EXERCISE DETAILS:
A faithful copy of the entries, without any pictures, is what is needed here.

+-------+

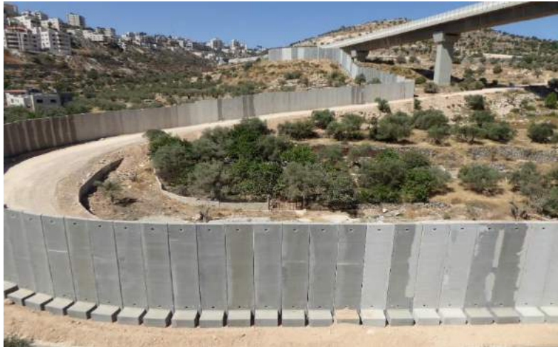
The Separation barrier cutting off Palestinian land in the Cremisan Valley (Beit Jala-Bethlehem). The flyover road was originally for settlers only but is now open to yellow plated (Israeli registered) cars.
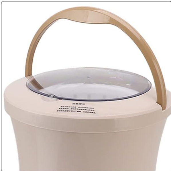
Hidden design Portable handle
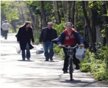
The 2nd National Active Travel Conference was held on Wednesday 13th May at Perth Concert Hall.
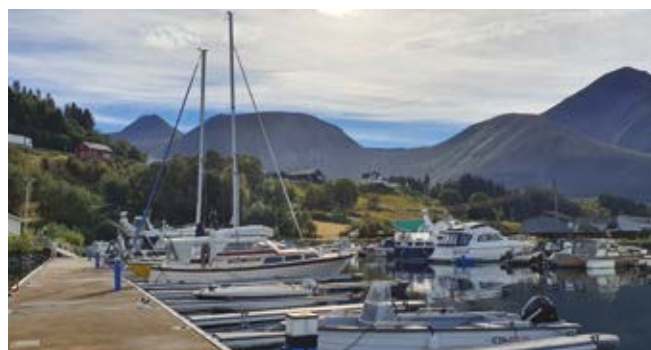
Sætre (Vartdal) Hans-Petter Sandseth

The village is Sætre. The marina is Vartdals Småbåtlag. N/S concrete pontoon. Moor on E and N sides. Toilet in service building. Payment by Vipps.
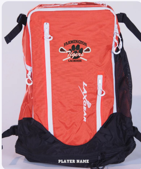
Farmington Orange Mini

Farmington bags with logo and player name.
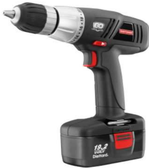
Figure 2.6: Cordless drill

The handles of cordless drills are usually made from polymorph which is easy and quick to mold to a comfortable shape for holding. The main body of the drill is usually made from polythene as it is able to withstand the high temperatures which the drill reaches.[3]
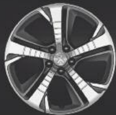
'DIAMANT'* 18" diamond-cut alloy wheels

+-------+

TASK SOLUTION:
The Separation barrier cutting off Palestinian land in the Cremisan Valley (Beit Jala-Bethlehem). The flyover road was originally for settlers only but is now open to yellow plated (Israeli registered) cars.
Hidden design Portable handle
The 2nd National Active Travel Conference was held on Wednesday 13th May at Perth Concert Hall.
Sætre (Vartdal) Hans-Petter Sandseth

The village is Sætre. The marina is Vartdals Småbåtlag. N/S concrete pontoon. Moor on E and N sides. Toilet in service building. Payment by Vipps.
Farmington Orange Mini

Farmington bags with logo and player name.
Figure 2.6: Cordless drill

The handles of cordless drills are usually made from polymorph which is easy and quick to mold to a comfortable shape for holding. The main body of the drill is usually made from polythene as it is able to withstand the high temperatures which the drill reaches.[3]
'DIAMANT'* 18" diamond-cut alloy wheels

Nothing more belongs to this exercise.